▼

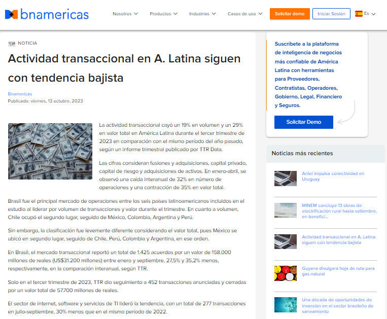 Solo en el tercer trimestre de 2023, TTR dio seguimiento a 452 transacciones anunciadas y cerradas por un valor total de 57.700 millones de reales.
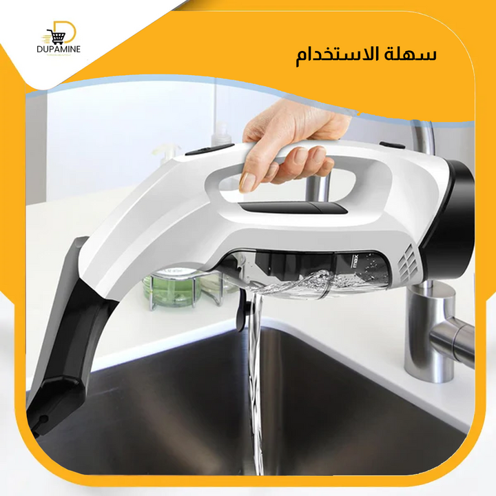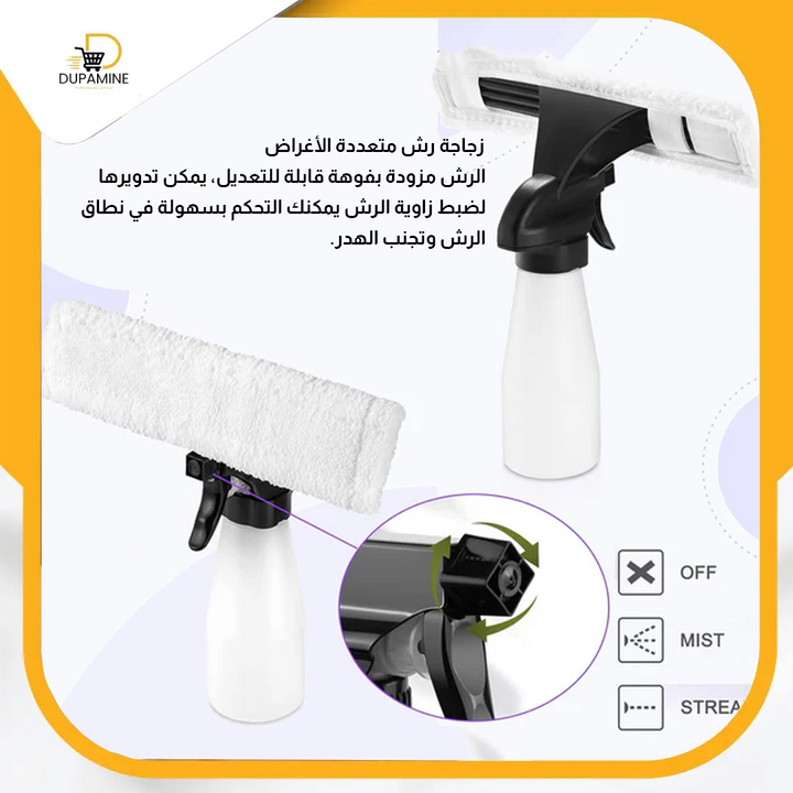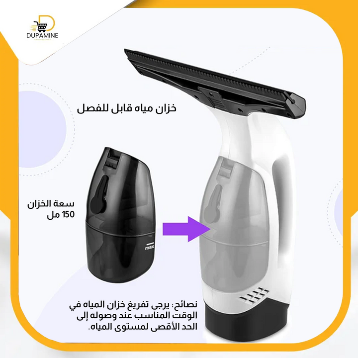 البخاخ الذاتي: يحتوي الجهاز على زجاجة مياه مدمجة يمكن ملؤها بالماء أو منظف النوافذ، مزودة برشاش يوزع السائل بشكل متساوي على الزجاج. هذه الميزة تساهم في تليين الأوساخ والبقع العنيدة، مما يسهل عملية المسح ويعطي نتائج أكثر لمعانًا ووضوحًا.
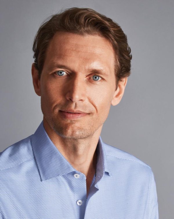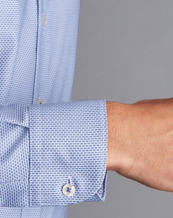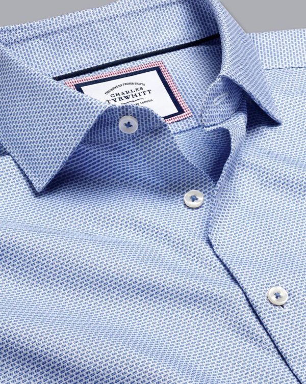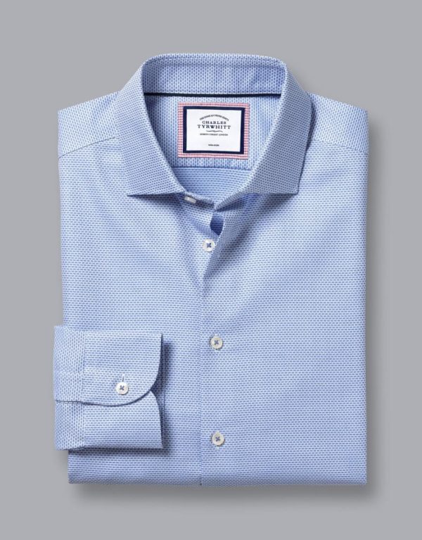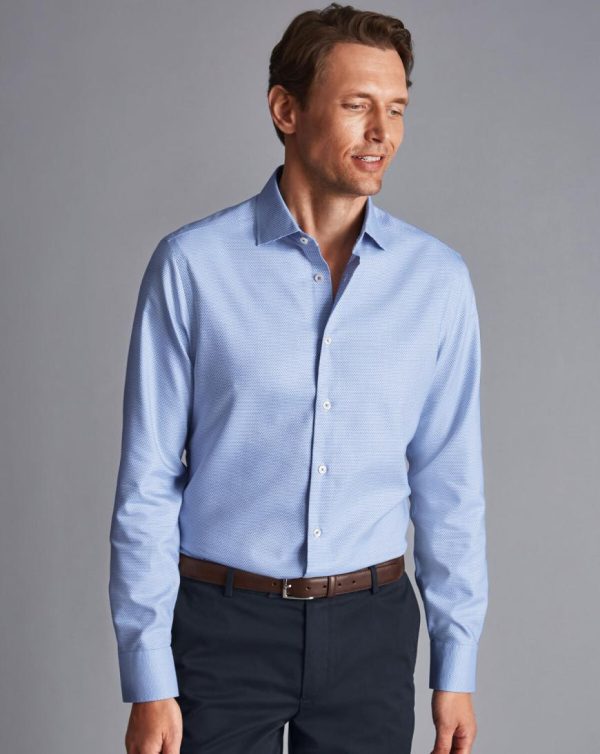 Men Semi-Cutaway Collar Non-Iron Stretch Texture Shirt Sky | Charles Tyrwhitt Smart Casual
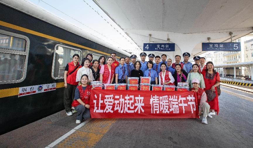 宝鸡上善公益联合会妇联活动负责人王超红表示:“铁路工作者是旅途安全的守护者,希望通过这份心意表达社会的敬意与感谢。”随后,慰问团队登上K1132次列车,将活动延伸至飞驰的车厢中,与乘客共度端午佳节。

▲
▼

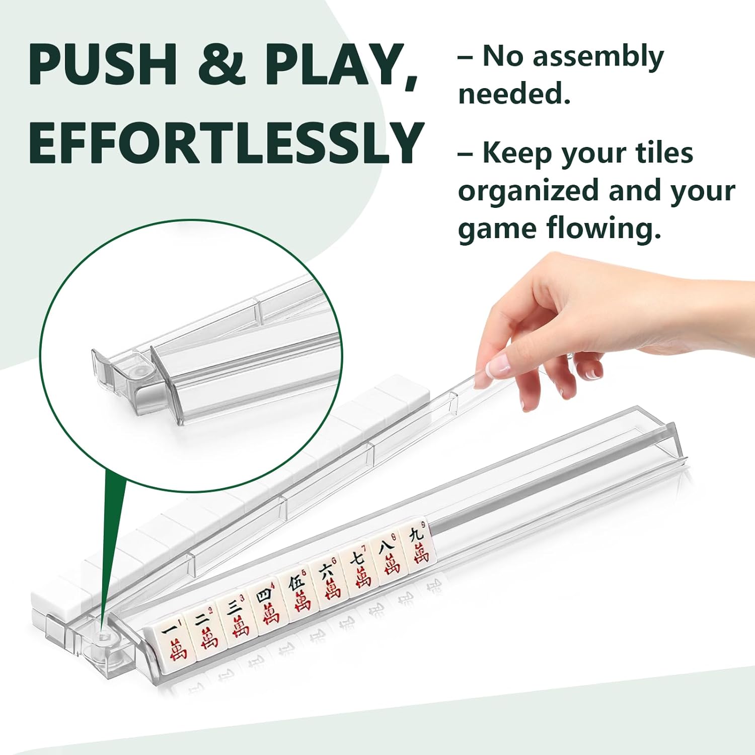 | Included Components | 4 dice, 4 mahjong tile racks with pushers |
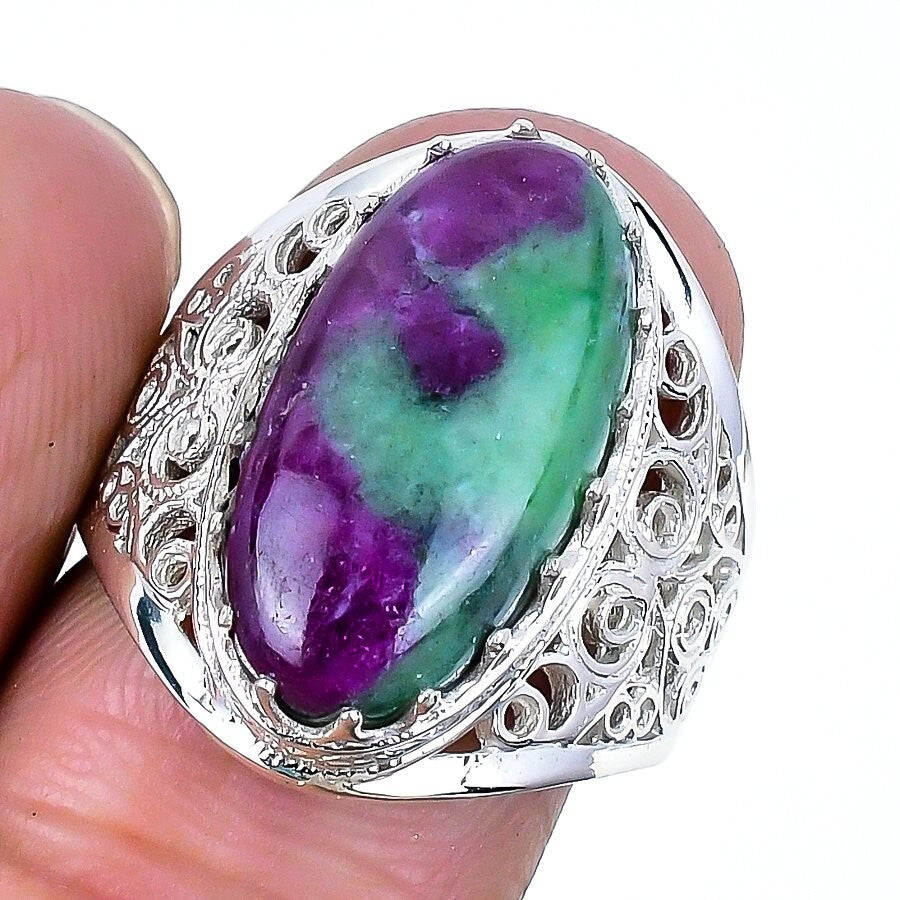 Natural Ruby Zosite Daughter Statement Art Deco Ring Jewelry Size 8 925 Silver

▲

- Goal of the exercise
Copy exactly the part of the material above that opens with the line containing "Men Semi-Cutaway Collar" and closes with the line containing "宝鸡上善公益联合会妇联活动负", ends included. Drop the images.

- Result for this exercise
 Men Semi-Cutaway Collar Non-Iron Stretch Texture Shirt Sky | Charles Tyrwhitt Smart Casual
 宝鸡上善公益联合会妇联活动负责人王超红表示:“铁路工作者是旅途安全的守护者,希望通过这份心意表达社会的敬意与感谢。”随后,慰问团队登上K1132次列车,将活动延伸至飞驰的车厢中,与乘客共度端午佳节。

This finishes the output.